• Problem details:
Would you return the data exactly as given, except for its pictures?

• Information supplied:
- Opening Delimiter -
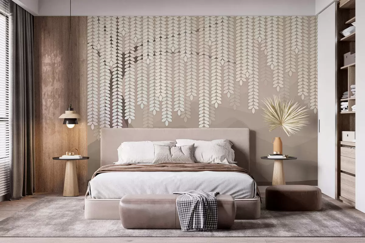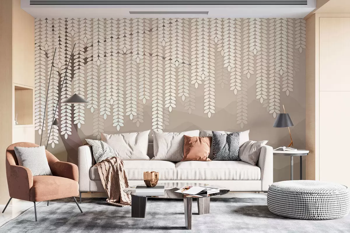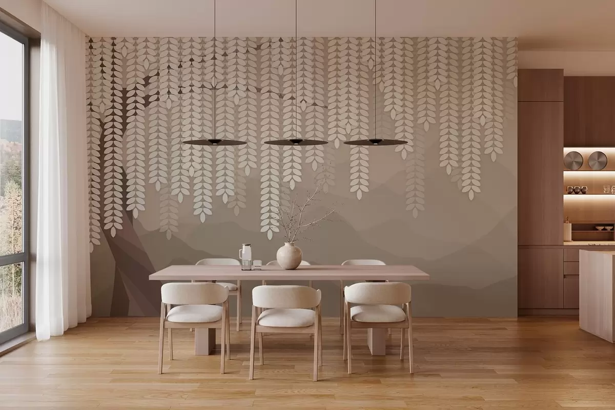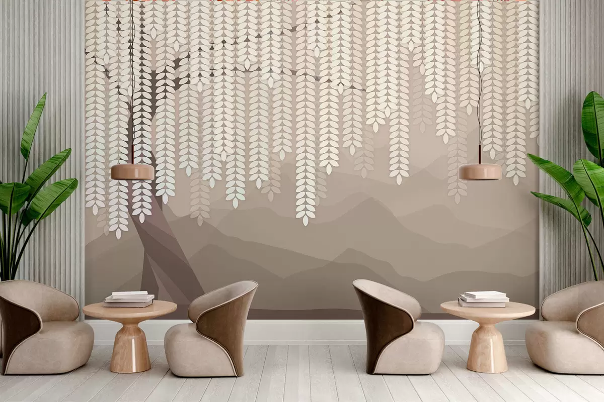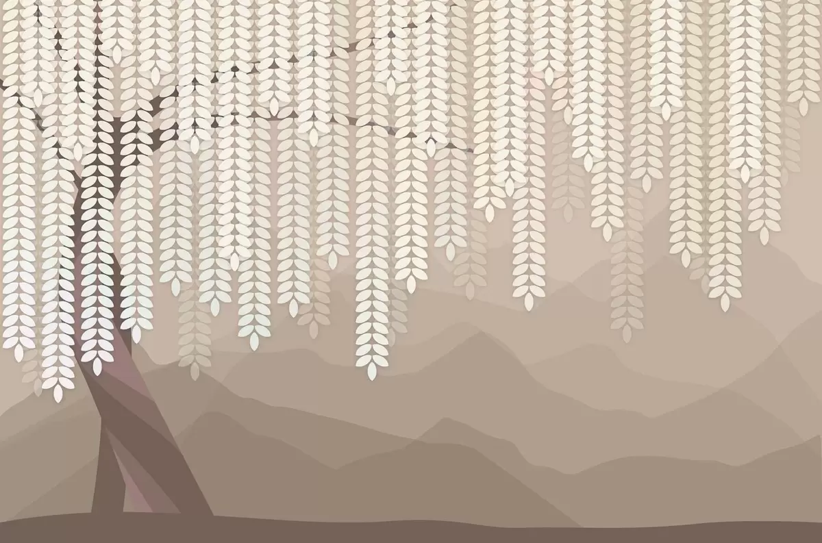 Фототапет стилизирана върба с висящи листа на фона на минималистични планини в нюанси на кафе Nr w05232v2
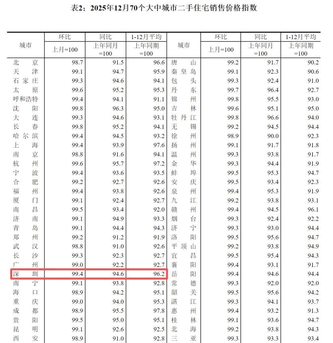 最重要的一个信号是,整体房价还没真正稳住。国家统计局的数据显示,去年12月深圳的二手房价环比还是跌了0.6%。也就是说,虽然少数核心区、优质盘在涨,但大部分普通房子可能还在阴跌。市场分化非常严重,是“核心区回暖,边缘区承压”的局面。
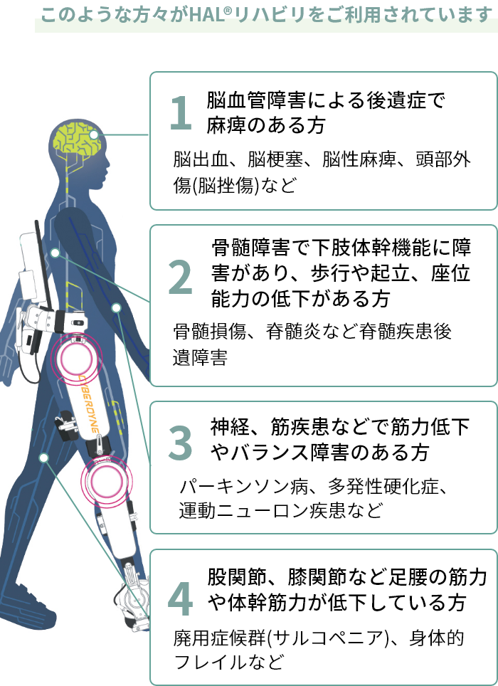 もともと神経難病(ALSや筋ジストロフィーなど)のリハビリに用いられてきましたが、歩行障害のある様々な疾患の方に有効であることがわかってきています。当院では自立支援下肢タイプのHALを用いて医療保険でのリハビリテーションを行っております。
- Closing Delimiter -
• Output for this exercise:
 Фототапет стилизирана върба с висящи листа на фона на минималистични планини в нюанси на кафе Nr w05232v2
 最重要的一个信号是,整体房价还没真正稳住。国家统计局的数据显示,去年12月深圳的二手房价环比还是跌了0.6%。也就是说,虽然少数核心区、优质盘在涨,但大部分普通房子可能还在阴跌。市场分化非常严重,是“核心区回暖,边缘区承压”的局面。
 もともと神経難病(ALSや筋ジストロフィーなど)のリハビリに用いられてきましたが、歩行障害のある様々な疾患の方に有効であることがわかってきています。当院では自立支援下肢タイプのHALを用いて医療保険でのリハビリテーションを行っております。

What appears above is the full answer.